Squarebar hippie bars (food) for people.
Some people were pushing these snack bars at the gym today. Depending on what your particular diet predilections are they may be interesting to know about.
They are high fat, medium protein, med carb, and are low glycemic (though i suspect high in fructose) and are made w/ a newish product called "coconut nectar" which is apparently the coconut palm equivalent of maple syrup. Also vegan, non-gmo, no gluten, no soy. Not thrilled about the fact it contains stevia, but there you are.
I liked the coconut flavor best though they're a bit more sweet than i'd like. (The almond ones were even sweeter)
INGREDIENTS: organic coconut nectar, organic brown rice protein, organic dark chocolate (organic cane sugar, organic cocoa liquor, organic cocoa butter, organic vanilla, sunflower lecithin), organic coconut, organic gluten free oats, organic coconut oil, organic cocoa liquor, sunflower lecithin, sea salt, organic reb a (stevia leaf extract).
(i have no idea what a "gluten free oat" is)
I mention them because they were tasty (more in a candy way than a snack kind of way) and they're mostly compatible w/ the Paleoish leanings of some of the people around here. Oh they're also $3 / piece so it's a premium snacking experience.
Investigator conflicts of interest: none known.
They should be tasty in a candy way since the first. 3 ingredients are sugar.
How do you figure ? The 2nd ingredient by weight is protein powder. Nutritional content wise it only has about as many carbs as protein (in the coconut flavor anyway).
However, i'm confused about the claims made for this coconut nectar. Reading around the web it says that it is LOW in fructose (like 10% when condensed) and is mostly sucrose (like 80%). But if so, how is it low GI ? There are many assertions that it has a GI of 35, but i can't find a study that says so (using Google) or an explanation of how this works.

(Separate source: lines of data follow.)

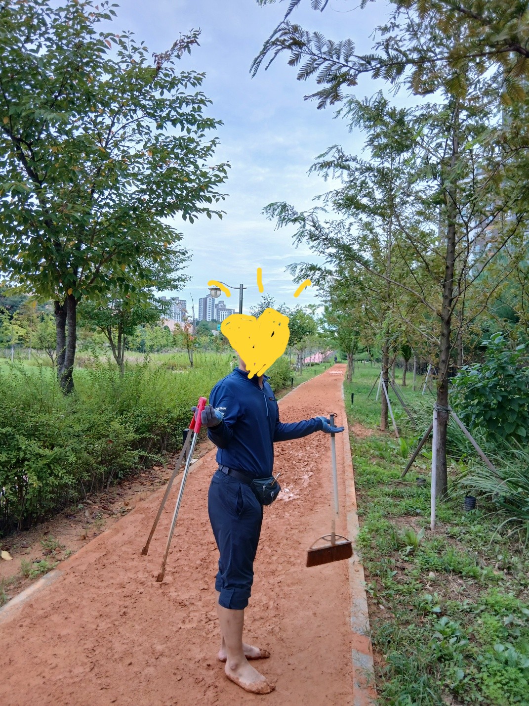 비가 오는 날도 나오셔서 땅이 꺼진 부분이나 나뭇잎이 떨어져 더러워진 길을 정리해주십니다. 보상도 없이 모두를 위해 희생해주셔서 너무 감사합니다. 덕분에 깨끗한 황토길을 걸을 수 있습니다. |
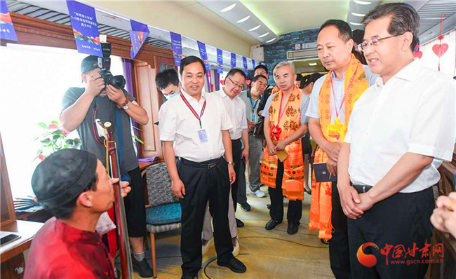 專列到達(dá)西安南站后,陜西省文旅廳及文旅相關(guān)部門對(duì)“環(huán)西部火車游”專列的到來(lái)表示熱烈的歡迎,陜西省文旅廳負(fù)責(zé)人在甘肅省委宣傳部副部長(zhǎng)、省文旅廳黨組書(shū)記、廳長(zhǎng)陳衛(wèi)中和武威市文體廣電和旅游局負(fù)責(zé)人的陪同下參觀了“環(huán)西部火車游”武威館,并欣賞了國(guó)家級(jí)非遺項(xiàng)目“涼州賢孝”表演。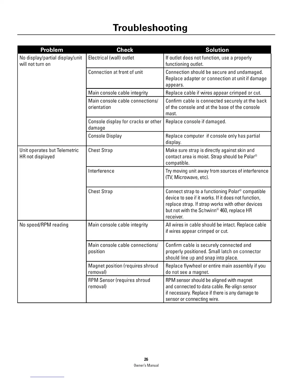 but not with the Schwinn ®460, replace HR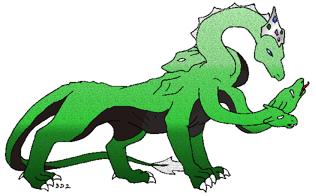 Events or History: (from original hatching and further pages I'm too lazy to organize this right now ) --The four-headed female has named herself Joakarat , a word which ironically in Hungarian means 'good will'. She has no wings, yet she can somehow levitate herself and teleport. She has a black opal indicating her gender, an Amethyst (bond), two Emeralds (loyalty) and one Sapphire (intelligence) in her silver crowned main head. Her other three heads often snap at things and must be chastised. Her father is black-opal Death. She is quite pissed off that her loyalty and bonding have been wasted on her original human bond. 10' s / 60' l / no wings Speed Run, since she is land-bound Joakarat has developed a strong but exhausting burst of speed that she uses similarly to a cheetah - it only lasts less than a minute, and if she has to do any amount of maneuvering, that time goes down rapidly. With it, she can however run overland in a straight line at an incredible break-neck pace, upwards of 120 mph, though stopping is a matter of duck and roll (which usually adds another amount she's traveling...); Teleportation, this on the other paw is a spectacularly strong power which she uses even as an attack - she can teleport other creatures, generally horse-sized or smaller, within 25 meters of herself; that said, it's easier for her to teleport herself, than to do this with another creature, and if she just needs to get somewhere within 100 miles she just goes there, and she can reliably teleport between dimensions and often enough carries Yasashii along; Telepathy, very good vocabulary which may be a remnant of her birth-bond's mind, but honestly the only reason she uses this to communicate is that she sometimes wants to be secretive or silent, otherwise she dislikes having any humanoid in her head, so she will use Verbal Speech to communicate with those things...; Unassisted Firebreath, though only her main crowned head can produce it, she can spit out a sticky napalm-like ‘fire' more like a fireball than a gout, that is not accurate farther than 100 meters, and definitely can reach up to 200 if she really wants to screw things up for people around her (casting fireball in a 10x10 hallway... yeah sure why not!) ** later she and Yasashii pair-bond ** (from death court 2021) Only seven hatchlings remained by the nests. All of them had broken their shells, though a few still picked pieces off their hides. Of those that remained, there were two purples, two blues, two reds, and a green. The lighter of the two blues moved first, angling straight toward a similarly marked green hatchling who had spent much of the hatching waiting halfway between the nests and the hydragons. Finally, the green cried, nipping at her blue brother. You took long enough. You could have helped me, the blue shot back, returning her nip. Together they crossed the rest of the distance to the hydragons, moving up to two of the great beasts that sat side by side. Joakarat and Yasashii looked down at the flea bitten siblings, a collective of nine heads lowering to be on a level with two. Joakarat, the blue spoke first, bolder and louder than his sister. He stepped forward and lifted his head high to the green hydragon. I am Zeyirth. |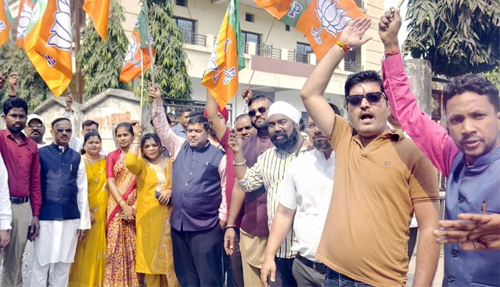 बजट पेश होते ही भाजपा कार्यालय में जश्न आतिशबाजी व मिठाई वितरण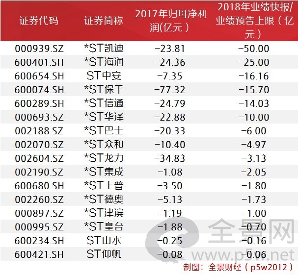 此外,*ST海润、ST中安、*ST保千等个股2018年预亏均超过10亿元。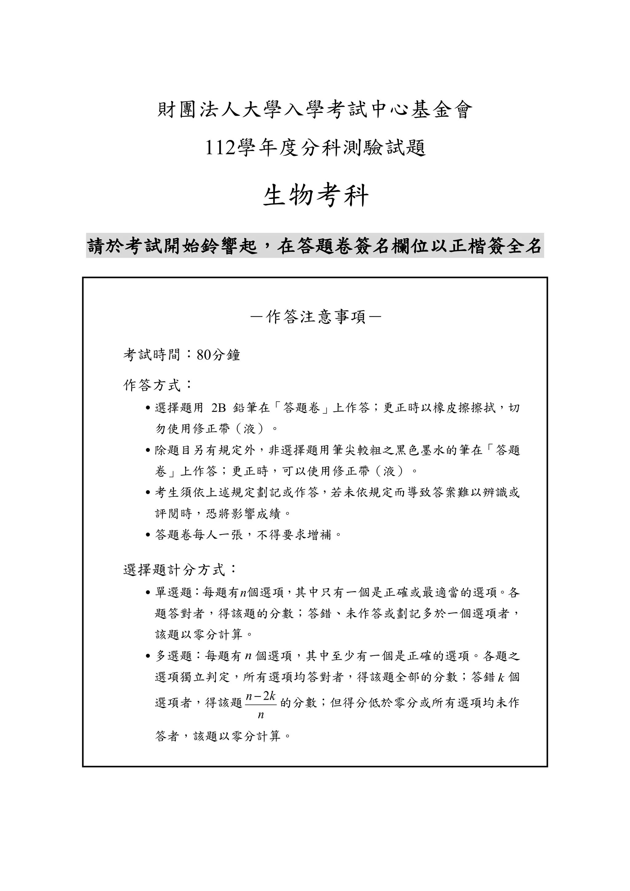 財團法人大學入學考試中心基金會 112學年度分科測驗試題 生物考科 請於考試開始鈴響起,在答題卷簽名欄位以正楷簽全名 -作答注意事項- 考試時間:80分鐘 作答方式: ˙選擇題用 2B 鉛筆在「答題卷」上作答;更正時以橡皮擦擦拭,切 勿使用修正帶(液)。 ˙除題目另有規定外,非選擇題用筆尖較粗之黑色墨水的筆在「答題 卷」上作答;更正時,可以使用修正帶(液)。 ˙考生須依上述規定劃記或作答,若未依規定而導致答案難以辨識或 評閱時,恐將影響成績。 ˙答題卷每人一張,不得要求增補。 選擇題計分方式: ˙單選題:每題有n個選項,其中只有一個是正確或最適當的選項。各 題答對者,得該題的分數;答錯、未作答或劃記多於一個選項者, 該題以零分計算。 ˙多選題:每題有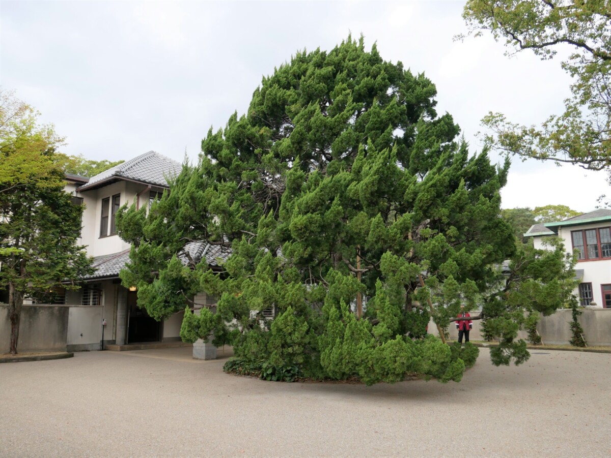 旧安川邸の正門を入って、正面にある洋風の「本館棟」(昭和13年竣工)へ。樹齢100年近いといわれる見事なカイズカイブキが出迎えてくれます。

Wikipedia points to this summary of a study from the Philippines http://www.pca.da.gov.ph/pdf/glycemic.pdf
i hope it is not insulinogenic by some other path and that this is how it achieves its low GI. Maybe i should go back to twinkies.
Last edited by veryhrm; 05-01-2012 at 02:49 PM.
Oats are generally cross contaminated with wheat, so gluten free oats are processed in a wheat free environment. Oats (gluten free or not) do still contain avenin, which some coeliacs react to.
Originally Posted by veryhrm
Sucrose = Glucose + Fructose.
It's a disaccharide.
Oops. Thought that said "brown rice syrup".